Avenues for Researcher-Policymaker Collaboration
The Research-to-Policy Collaboration responds to a number of different legislative requests involving research-based information and collaboration. These requests for support or collaboration range in the level of intensity of the response, such that some efforts involve responding to questions about the research base, whereas others involve substantial planning for a formal response to result in a final product or event. The following examples of collaborations are organized from lower to higher levels of intensity and are not mutually exclusive; many offices begin working with RPC staff by asking questions about the research base, which then transition into more substantive collaborative efforts.
1. Research Requests
Involve soliciting research or information; may include questions about the etiology, prevalence, or interventions to address a particular area of concern. Responses to these types of requests include:
Reviewing administrative data (e.g., prevalence rates, variability in state practices)
- Reviewing preventive intervention strategies (e.g., evidence-based programs)
- Summarizing etiologic evidence (e.g., antecedents; risk or protective factors)
- Identifying likely impact on public systems (e.g., fiscal impacts)
- Reviewing administrative data (e.g., prevalence rates, variability in state practices)
2. Consultative Meetings with Researchers
Dialogue with individuals who have direct subject-matter experience sometimes has additional value beyond written synthesis alone.
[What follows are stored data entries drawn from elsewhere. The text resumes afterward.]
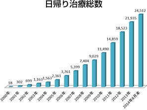 今では世界中から治療に訪れ、現在まで25,196件(14年10月末時点)の日帰り治療を成功させてきました。
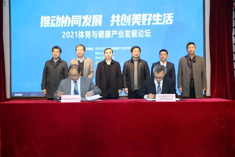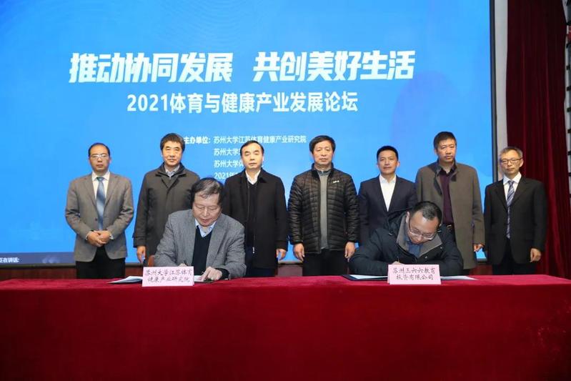 随后,在与会人员的共同见证下,江苏省体育产业集团有限公司与苏州大学体育学院、苏州大学江苏体育健康产业研究院与苏州三六六教育投资有限公司分别进行了签约合作仪式。合作方将在进一步加深了解的基础上深入合作,通过强强合作、集聚资源、集中目标、集成创新,共同推动江苏体育与健康产业高质量发展。
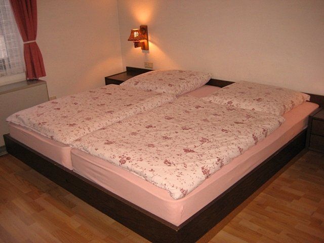 Das Schlafzimmer bietet 2 Personen Schlafmöglichkeit, ist im Landhausstil eingerichtet, hat einen herrlichen Ausblick und Abendsonne.
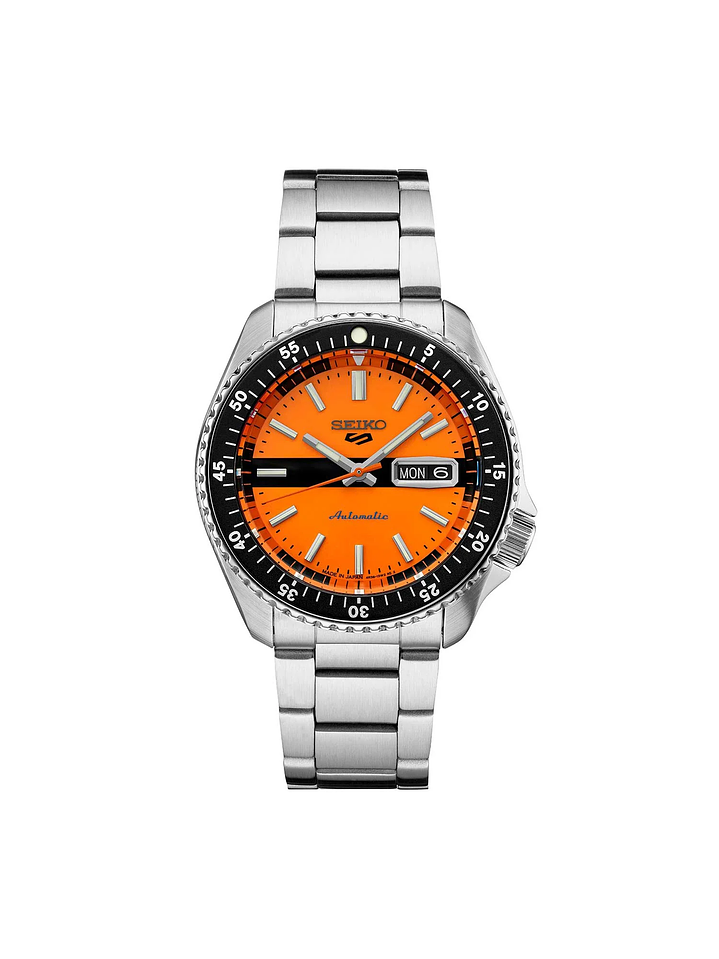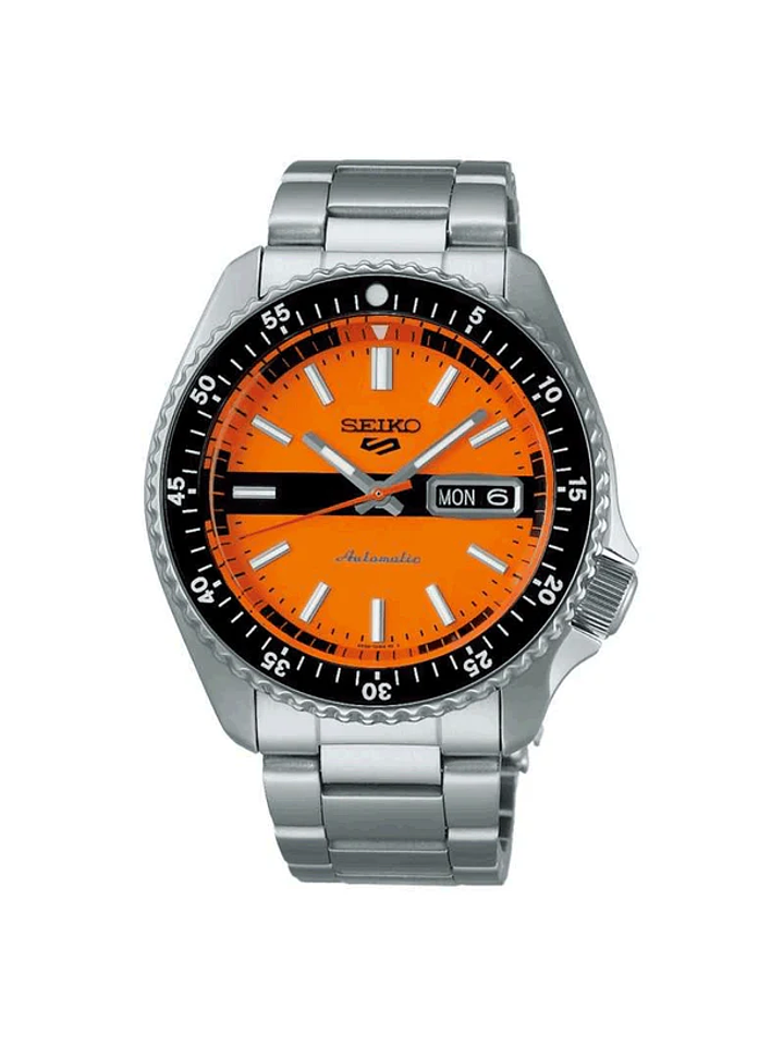 El Seiko 5 Sports SRPK11K1 es un reloj que combina la robustez de la línea Seiko 5 con un diseño llamativo gracias a su esfera en color naranja. Su caja de acero inoxidable de 42 mm y su bisel giratorio unidireccional le otorgan un carácter deportivo y funcional, ideal para quienes buscan un reloj con presencia y confiabilidad.

Researchers from across the nation can be organized to meet by phone, or in certain cases, brought together to meet in-person.
3. Reviewing Legislative Language
RPC staff work with research experts to interpret provisions in bills and make recommendations. Some recommendations may be drawn from model state or other federal legislation. The RPC is currently committed to better understanding how research evidence can be reinforced in written legislative language so that these recommendations are as concrete and specific as possible. Visit our Evaluation page to learn more about our current evaluative efforts.
4. Identifying and Preparing an Expert Witness for a Congressional Hearing
Our Rapid Response Network serves as a great place for identifying specialists in a given field. Through involvement in the RPC, identified researchers will be prepped to testify at a congressional hearing (an event scheduled by legislators or their staff, involving the testimony of several witnesses, including experts).
5. Writing a Policy Brief
After acquiring relevant research from our Rapid Response Network, the RPC will further assist in preparing a 1-2 page(s) report regarding a policy issue, written for a non-scientific audience. This reviews the empirical literature as it relates to a specific bill. While the RPC will review the extent to which legislation does or does not align with an empirical basis, no specific stance is taken to endorse or oppose legislation. See our non-partisan stance for more information.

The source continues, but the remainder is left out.